BEGIN SUPPLIED DATA

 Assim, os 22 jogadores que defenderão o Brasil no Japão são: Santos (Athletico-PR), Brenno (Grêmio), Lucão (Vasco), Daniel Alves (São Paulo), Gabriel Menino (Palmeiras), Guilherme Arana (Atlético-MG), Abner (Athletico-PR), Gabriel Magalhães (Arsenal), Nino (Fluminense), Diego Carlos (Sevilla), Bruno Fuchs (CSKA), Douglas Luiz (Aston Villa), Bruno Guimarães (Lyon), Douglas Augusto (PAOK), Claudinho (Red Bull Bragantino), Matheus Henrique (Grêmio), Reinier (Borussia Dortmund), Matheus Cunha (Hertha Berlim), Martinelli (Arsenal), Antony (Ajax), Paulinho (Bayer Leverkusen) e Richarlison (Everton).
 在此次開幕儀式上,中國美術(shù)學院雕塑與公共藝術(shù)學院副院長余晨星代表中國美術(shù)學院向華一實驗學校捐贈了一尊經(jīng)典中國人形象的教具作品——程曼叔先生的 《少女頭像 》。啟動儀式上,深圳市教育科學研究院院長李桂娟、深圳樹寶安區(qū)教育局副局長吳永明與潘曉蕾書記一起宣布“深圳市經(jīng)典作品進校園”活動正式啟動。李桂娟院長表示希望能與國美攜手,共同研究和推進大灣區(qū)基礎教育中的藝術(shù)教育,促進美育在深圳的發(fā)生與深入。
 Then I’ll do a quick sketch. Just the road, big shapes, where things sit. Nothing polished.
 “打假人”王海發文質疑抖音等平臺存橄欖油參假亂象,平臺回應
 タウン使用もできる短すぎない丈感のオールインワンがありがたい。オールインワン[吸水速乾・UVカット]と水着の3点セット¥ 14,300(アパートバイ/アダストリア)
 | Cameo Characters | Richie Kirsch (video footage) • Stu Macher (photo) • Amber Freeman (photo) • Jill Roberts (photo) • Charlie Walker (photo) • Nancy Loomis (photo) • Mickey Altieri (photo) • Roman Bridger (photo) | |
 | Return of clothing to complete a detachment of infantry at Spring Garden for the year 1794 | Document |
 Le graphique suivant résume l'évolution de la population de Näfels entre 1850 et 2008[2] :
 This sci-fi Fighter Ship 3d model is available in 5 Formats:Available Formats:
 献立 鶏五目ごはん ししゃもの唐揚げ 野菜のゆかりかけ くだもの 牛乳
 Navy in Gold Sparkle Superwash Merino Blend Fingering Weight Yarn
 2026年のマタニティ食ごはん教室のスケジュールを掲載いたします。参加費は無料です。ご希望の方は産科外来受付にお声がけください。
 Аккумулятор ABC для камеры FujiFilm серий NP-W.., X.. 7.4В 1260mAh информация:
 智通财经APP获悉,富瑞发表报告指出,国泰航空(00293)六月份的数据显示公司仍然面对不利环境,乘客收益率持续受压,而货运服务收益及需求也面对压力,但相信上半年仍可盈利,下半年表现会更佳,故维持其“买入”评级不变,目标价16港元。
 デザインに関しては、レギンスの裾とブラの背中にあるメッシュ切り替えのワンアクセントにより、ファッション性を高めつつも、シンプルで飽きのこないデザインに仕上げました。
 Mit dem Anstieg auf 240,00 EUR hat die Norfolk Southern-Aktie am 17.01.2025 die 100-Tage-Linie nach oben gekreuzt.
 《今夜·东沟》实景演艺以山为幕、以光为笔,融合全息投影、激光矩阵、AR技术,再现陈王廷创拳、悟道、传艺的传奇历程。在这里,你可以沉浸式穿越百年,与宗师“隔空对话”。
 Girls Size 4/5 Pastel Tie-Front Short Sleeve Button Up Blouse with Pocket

END SUPPLIED DATA

* **TASK OBJECTIVE**
Of the lines above, output exactly those from the line bearing "Then I’ll do" through the line bearing "デザインに関しては、レギンス", inclusive.

* **SOLUTION TO THIS PROBLEM**
 Then I’ll do a quick sketch. Just the road, big shapes, where things sit. Nothing polished.
 “打假人”王海發文質疑抖音等平臺存橄欖油參假亂象,平臺回應
 タウン使用もできる短すぎない丈感のオールインワンがありがたい。オールインワン[吸水速乾・UVカット]と水着の3点セット¥ 14,300(アパートバイ/アダストリア)
 | Cameo Characters | Richie Kirsch (video footage) • Stu Macher (photo) • Amber Freeman (photo) • Jill Roberts (photo) • Charlie Walker (photo) • Nancy Loomis (photo) • Mickey Altieri (photo) • Roman Bridger (photo) | |
 | Return of clothing to complete a detachment of infantry at Spring Garden for the year 1794 | Document |
 Le graphique suivant résume l'évolution de la population de Näfels entre 1850 et 2008[2] :
 This sci-fi Fighter Ship 3d model is available in 5 Formats:Available Formats:
 献立 鶏五目ごはん ししゃもの唐揚げ 野菜のゆかりかけ くだもの 牛乳
 Navy in Gold Sparkle Superwash Merino Blend Fingering Weight Yarn
 2026年のマタニティ食ごはん教室のスケジュールを掲載いたします。参加費は無料です。ご希望の方は産科外来受付にお声がけください。
 Аккумулятор ABC для камеры FujiFilm серий NP-W.., X.. 7.4В 1260mAh информация:
 智通财经APP获悉,富瑞发表报告指出,国泰航空(00293)六月份的数据显示公司仍然面对不利环境,乘客收益率持续受压,而货运服务收益及需求也面对压力,但相信上半年仍可盈利,下半年表现会更佳,故维持其“买入”评级不变,目标价16港元。
 デザインに関しては、レギンスの裾とブラの背中にあるメッシュ切り替えのワンアクセントにより、ファッション性を高めつつも、シンプルで飽きのこないデザインに仕上げました。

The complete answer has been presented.